My favorite buck would have to be RRD Ruger T307 *EN*. The impact he has had on the industry is just incredible . A good amount of the top herdsires in the nation are his offspring. Smokin Hot Ruger, Ruger Reloaded, Cuger, Luger, Chicken On a Chain, AABG Maximum Impact, AABG Maxed Out and RRD V808 to name a few. 

My favorite living buck would be 2DOX Cuger *EN*. His kids all seem very consistent in looks. A few favorite things about him would be his level/wide top, big hip/butt and gorgeous head. Most of his kids seem to have the same things. 1 thing I don't like about him is the fact that I can't find a single colored kid sired by him! Still planning on using him this year though.


----------



## Crossroads Boers (Feb 19, 2011)

This is a buck I really want to use this year.  I haven't seen any of his kids yet as he's still young. They say he's "very moderate in frame size" so we'd use him on a big framed doe. 

This is AABG Crimson Tide. Another Ruger line buck...


----------



## burtfarms (Apr 4, 2013)

wow ! handsome ! How would you go about getting a straw on one of these bucks, and much do they cost if you don't mind me asking?


----------



## Crossroads Boers (Feb 19, 2011)

I'd contact Able Acres for straws from Crimson. They are $75 per straw. Cuger straws are $100 each. I know Bosque Valley sells Cuger straws. http://www.bvboergoats.com/for_sale.html


----------



## loggyacreslivestock (Mar 5, 2013)

I like Crimson Tide. I have seen pics of him before. I have some Ruger bloodlines. Like him too!


----------



## toth boer goats (Jul 20, 2008)

Very nice.


----------



## Redheads (Sep 2, 2014)

One of my favorites has to be Bo Jangles with his sire Bo Howdy running a close second. I have a Bo Howdy grandaughter an they just have a look to them. I love the front end on these goats as well an its something that really gets past down to the offspring. My Bo Howdy grandaughter is just so blow out in the front end she almost looks like a bulldog. 

I would have a good look at your does an see what you would like to improve on them. Then find a buck that has strong traits in those a areas that you want to see improvement in. If I was to AI I would prolly pick different bucks to cross on each doe. 

I think the funnest part of raising boer is picking the buck or in the case of AIing bucks.


----------



## Tenacross (May 26, 2011)

I have a lot of "theories" about boer bucks and what I use for AI. I try to match the buck to what I think needs improved on my doe(s). I don't have an actual score card, but I weigh certain things in my head to make a choice. Things like ABGA progeny points. If a buck gets used a lot and his kids do well in the ring, I think that says something. It says more than just a pretty picture of the buck. It also likely says that other people that know more than me, think it's a good buck. If I find a buck that is doing well, I try to find as many pictures of his offspring as I can, so I can get a picture in my mind of what he throws.

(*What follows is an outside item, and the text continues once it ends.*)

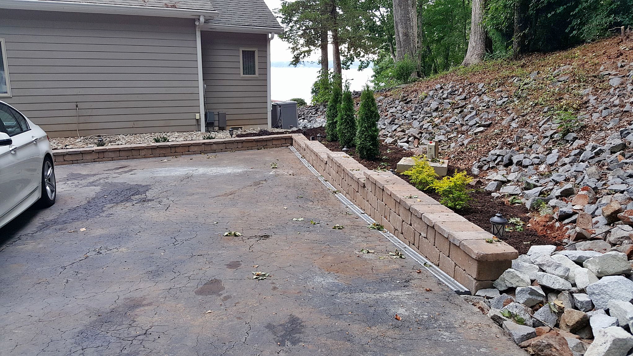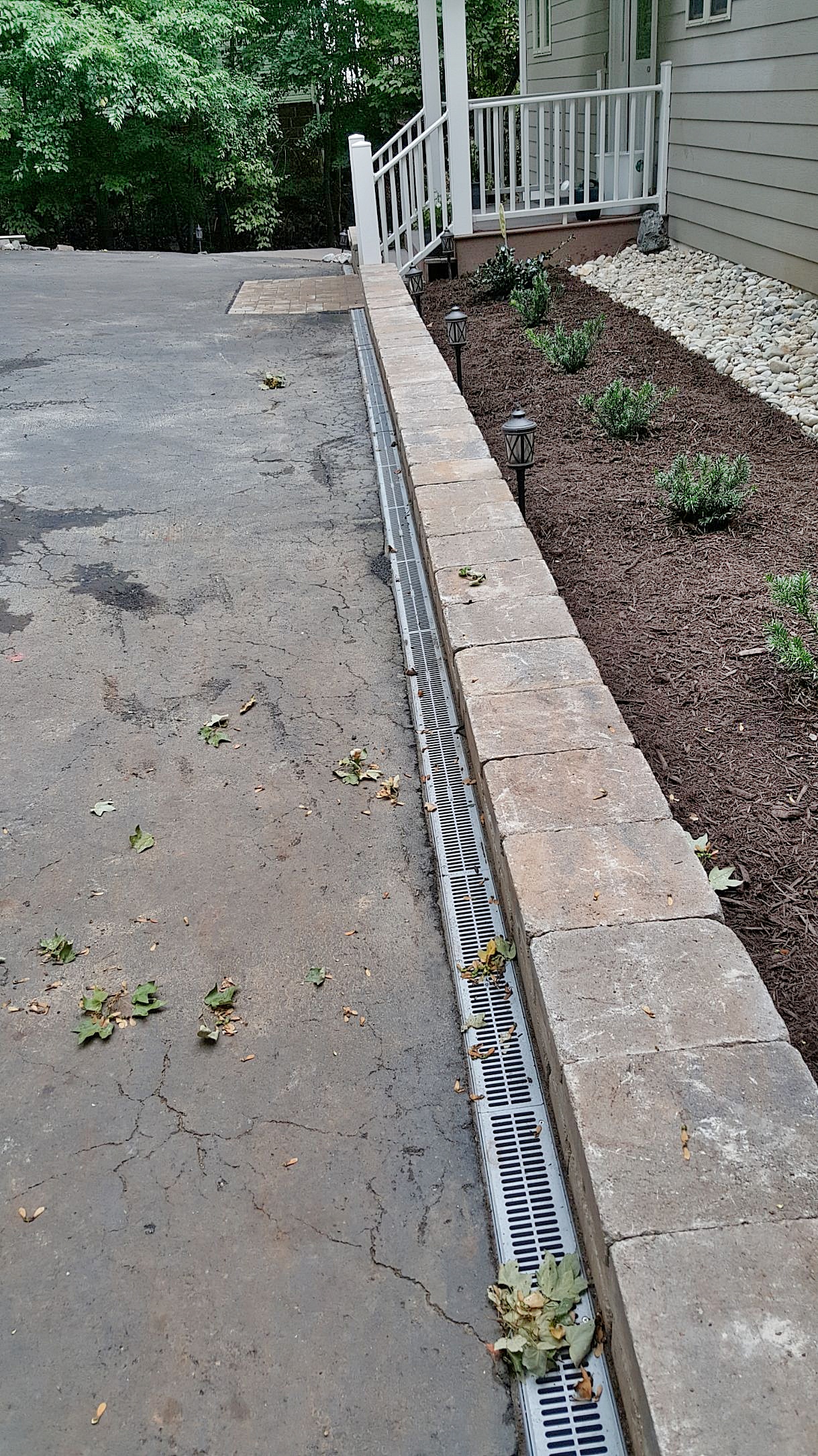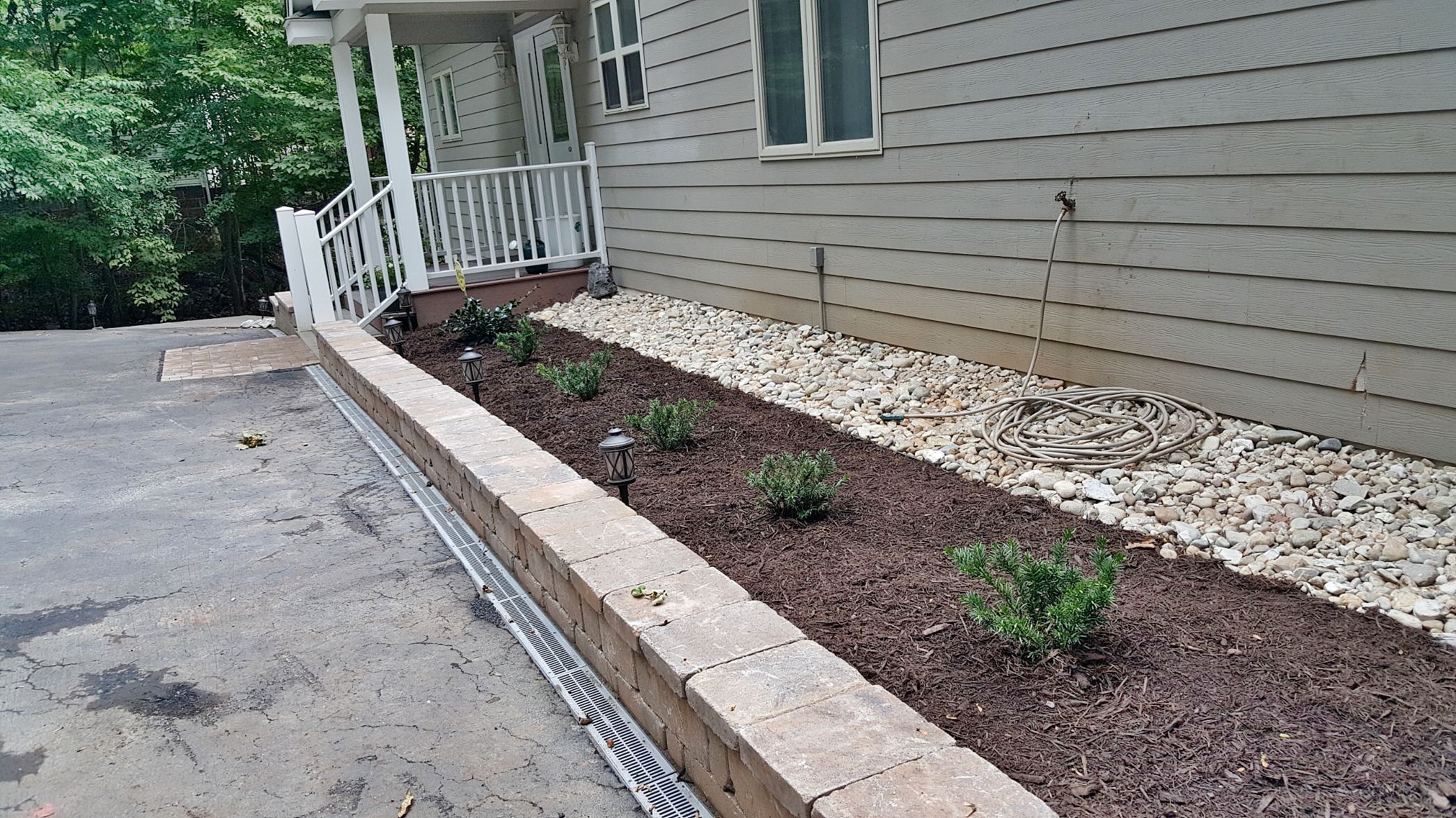 We came to this customer’s property to do some irrigation repairs, and stayed to introduce some large scale drainage upgrades. Along the way, our guys re-graded the front foundation, installed a 90′ retaining wall and 100 feet of ground gutters, replaced and upgraded a lot of plant material, mulched and mulched again. Oh, and rip-rap, tons of rip-rap to corral the water in the important run-off ditches around the house.

With that said, I try to "sniff out" problems these successful bucks might throw like bad teat structure, bites or pigment. Here you are pretty much at the mercy of asking questions of people who have used or own these bucks, or bucks that are related to them. For instance, Smokin Hot Ruger is one of the best bucks to come around in awhile, but I get the impression from talking to other people that you can run into problems with teats and pigment with his babies. Also, SHR was himself not a real big buck and his kids can tend to be not all that big framed. So, I wouldn't personally use SHR or a son of his on a smaller frame doe that was a little sketchy on teat structure and or pigment. For me, using a Smokin Hot Ruger buck, or a Maximum Impact buck, (who is SHR's full brother), is for adding muscle/power to a doe.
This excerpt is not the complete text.